* **INFORMATION**:
====

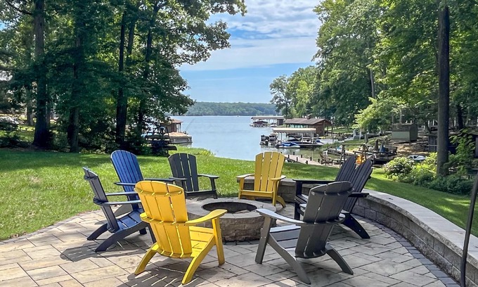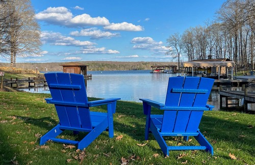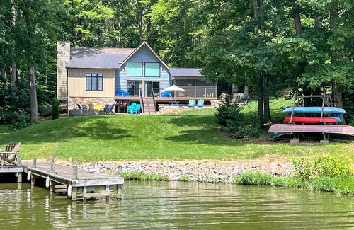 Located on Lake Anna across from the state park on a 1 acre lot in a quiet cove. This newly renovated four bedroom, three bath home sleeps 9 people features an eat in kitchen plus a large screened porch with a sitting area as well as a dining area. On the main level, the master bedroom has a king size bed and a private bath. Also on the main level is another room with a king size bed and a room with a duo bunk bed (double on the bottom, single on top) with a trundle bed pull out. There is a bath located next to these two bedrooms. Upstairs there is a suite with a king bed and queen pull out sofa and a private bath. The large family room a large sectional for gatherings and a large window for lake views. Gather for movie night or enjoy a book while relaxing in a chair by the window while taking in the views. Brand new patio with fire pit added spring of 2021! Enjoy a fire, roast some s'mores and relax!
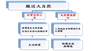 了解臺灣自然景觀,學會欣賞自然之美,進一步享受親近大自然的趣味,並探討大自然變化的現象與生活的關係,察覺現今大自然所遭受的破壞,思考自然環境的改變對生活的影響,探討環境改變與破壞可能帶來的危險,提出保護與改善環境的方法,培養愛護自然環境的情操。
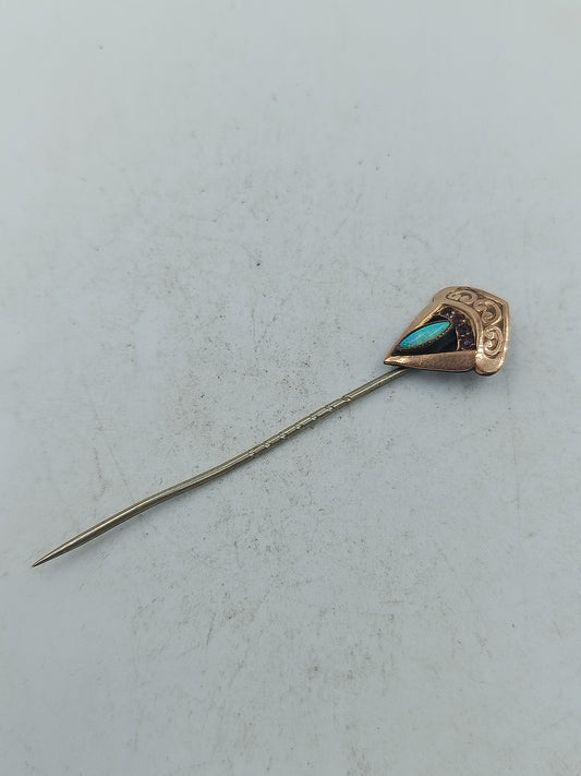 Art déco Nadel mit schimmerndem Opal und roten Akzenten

====

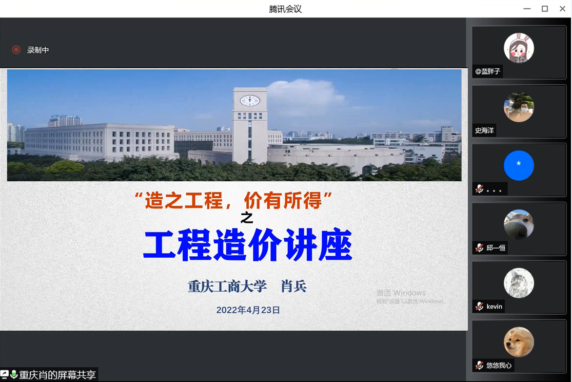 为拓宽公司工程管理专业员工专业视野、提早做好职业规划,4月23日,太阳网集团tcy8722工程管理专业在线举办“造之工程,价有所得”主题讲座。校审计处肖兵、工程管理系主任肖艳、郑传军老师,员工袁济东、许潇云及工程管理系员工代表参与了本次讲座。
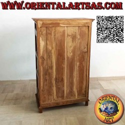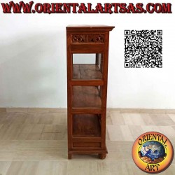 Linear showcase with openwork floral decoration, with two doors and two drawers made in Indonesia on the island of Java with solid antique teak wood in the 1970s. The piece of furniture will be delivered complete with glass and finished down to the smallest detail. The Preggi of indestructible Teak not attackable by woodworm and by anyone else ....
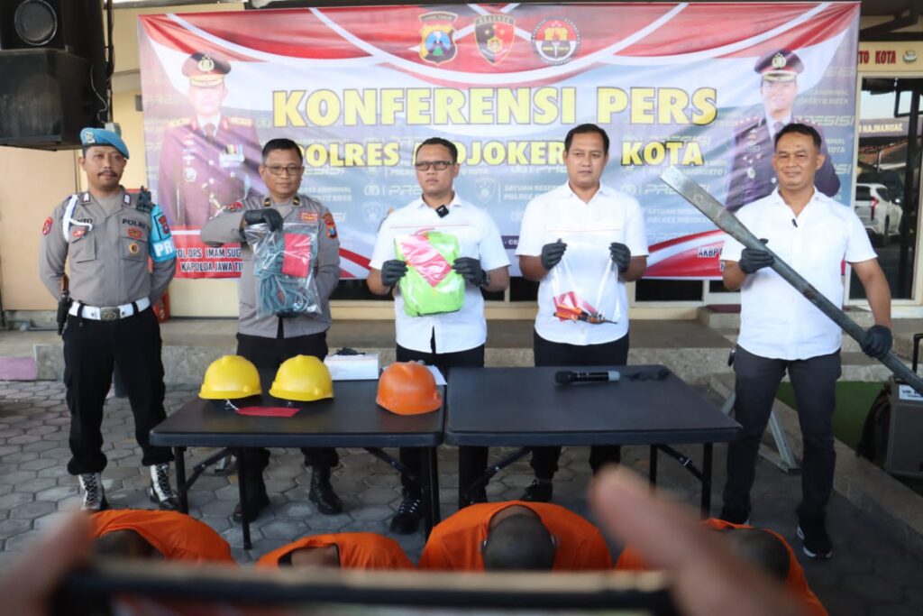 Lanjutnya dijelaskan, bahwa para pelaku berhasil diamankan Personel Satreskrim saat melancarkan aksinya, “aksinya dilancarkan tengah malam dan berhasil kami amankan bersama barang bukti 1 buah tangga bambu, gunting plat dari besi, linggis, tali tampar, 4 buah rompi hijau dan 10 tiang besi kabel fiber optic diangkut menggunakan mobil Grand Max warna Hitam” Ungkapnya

====

* **REQUIREMENT**:
Please return the data above exactly as it stands from the line with "Located on Lake" to the line with "Art déco Nadel", keeping both of those lines but none of the pictures.

* **ANSWER SECTION**:
 Located on Lake Anna across from the state park on a 1 acre lot in a quiet cove. This newly renovated four bedroom, three bath home sleeps 9 people features an eat in kitchen plus a large screened porch with a sitting area as well as a dining area. On the main level, the master bedroom has a king size bed and a private bath. Also on the main level is another room with a king size bed and a room with a duo bunk bed (double on the bottom, single on top) with a trundle bed pull out. There is a bath located next to these two bedrooms. Upstairs there is a suite with a king bed and queen pull out sofa and a private bath. The large family room a large sectional for gatherings and a large window for lake views. Gather for movie night or enjoy a book while relaxing in a chair by the window while taking in the views. Brand new patio with fire pit added spring of 2021! Enjoy a fire, roast some s'mores and relax!
 了解臺灣自然景觀,學會欣賞自然之美,進一步享受親近大自然的趣味,並探討大自然變化的現象與生活的關係,察覺現今大自然所遭受的破壞,思考自然環境的改變對生活的影響,探討環境改變與破壞可能帶來的危險,提出保護與改善環境的方法,培養愛護自然環境的情操。
 Art déco Nadel mit schimmerndem Opal und roten Akzenten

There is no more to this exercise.